We present the detailed performance on various datasets and modalities.
All the checkpoints and training logs are provided in the Google Drive. We sincerely hope that this repo could be helpful for your research.
The detailed results for pretrained models are displayed below:
| Modality | NTU 60 X-Sub | NTU 60 X-View | NTU 120 X-Sub | NTU 120 X-Set |
|---|---|---|---|---|
| Joint | 92.75 | 97.39 | 87.39 | 89.59 |
| Bone | 93.01 | 96.94 | 90.01 | 91.57 |
| K-Bone | 93.01 | 97.01 | 89.49 | 90.46 |
| 2-ensemble | 94.01 | 97.73 | 90.51 | 92.43 |
| 4-ensemble | 94.30 | 97.99 | 91.35 | 92.97 |
| 6-ensemble | 94.51 | 98.19 | 91.70 | 93.05 |
| Modality | Kinetics-Skeleton | FineGYM | UAV-Human CSv1 | UAV-Human CSv2 |
|---|---|---|---|---|
| Joint | 50.69 | 94.64 | 47.25 | 73.66 |
| Bone | 49.10 | 95.70 | 48.50 | 73.98 |
| K-Bone | 48.26 | 95.54 | 47.44 | 73.42 |
| 2-ensemble | 52.24 | 96.08 | 50.31 | 76.00 |
| 4-ensemble | 52.98 | 96.46 | 50.85 | 76.95 |
| 6-ensemble | 53.57 | 96.53 | 52.05 | 78.07 |
We adopt the widely-used six-stream ensemble strategy introduced in InfoGCN. Here K-Bone denotes the newly skeleton representation proposed by InfoGCN. Interestingly, we find that the improvement of multi-stream ensemble method mainly comes from complementarity and stochasticity. For well-performing models, stochastic boosting of single-modality is more efficient than complementary boosting of motion-modality. The detailed comparisons for various datasets are provided in {dataset}_ensemble.py.

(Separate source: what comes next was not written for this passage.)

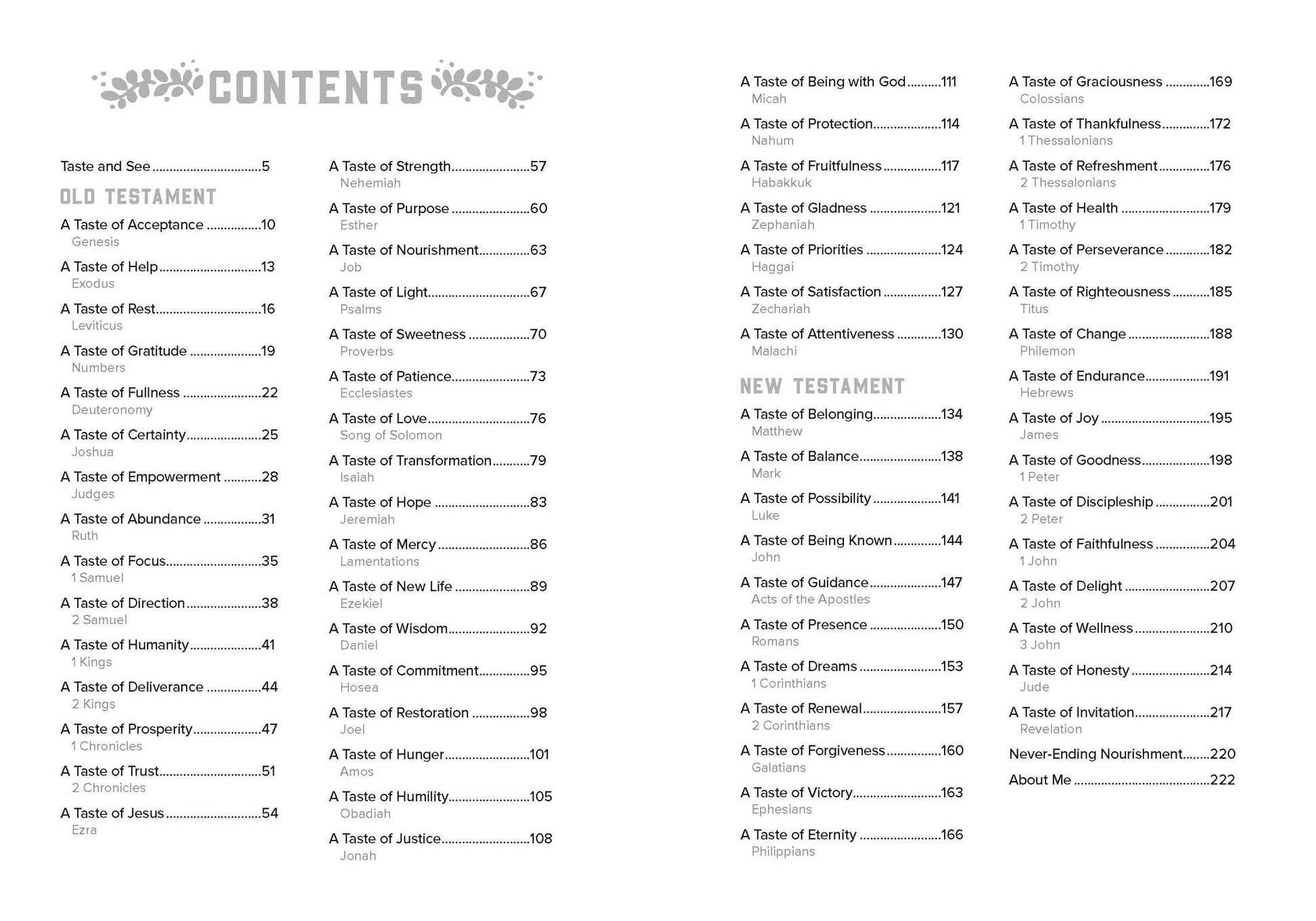 Filled with specially selected Scriptures, rich biblical insight, and personal applications, this devotional helps readers taste and see God’s goodness as they savor bite-sized portions of Scripture from each book of the Bible.

In addition, we use three augmentation techniques Flip, Part Drop, and Mixup that could provide performance gains. Here, Mixup doubles the samples, which leads to longer training times. Nevertheless, when coupled with multi-modal semantic priors, it could deliver superior performance. Notably, due to randomness, these augmentations may also make the performance fluctuate. You could choose whether or not to use them based on the actual needs.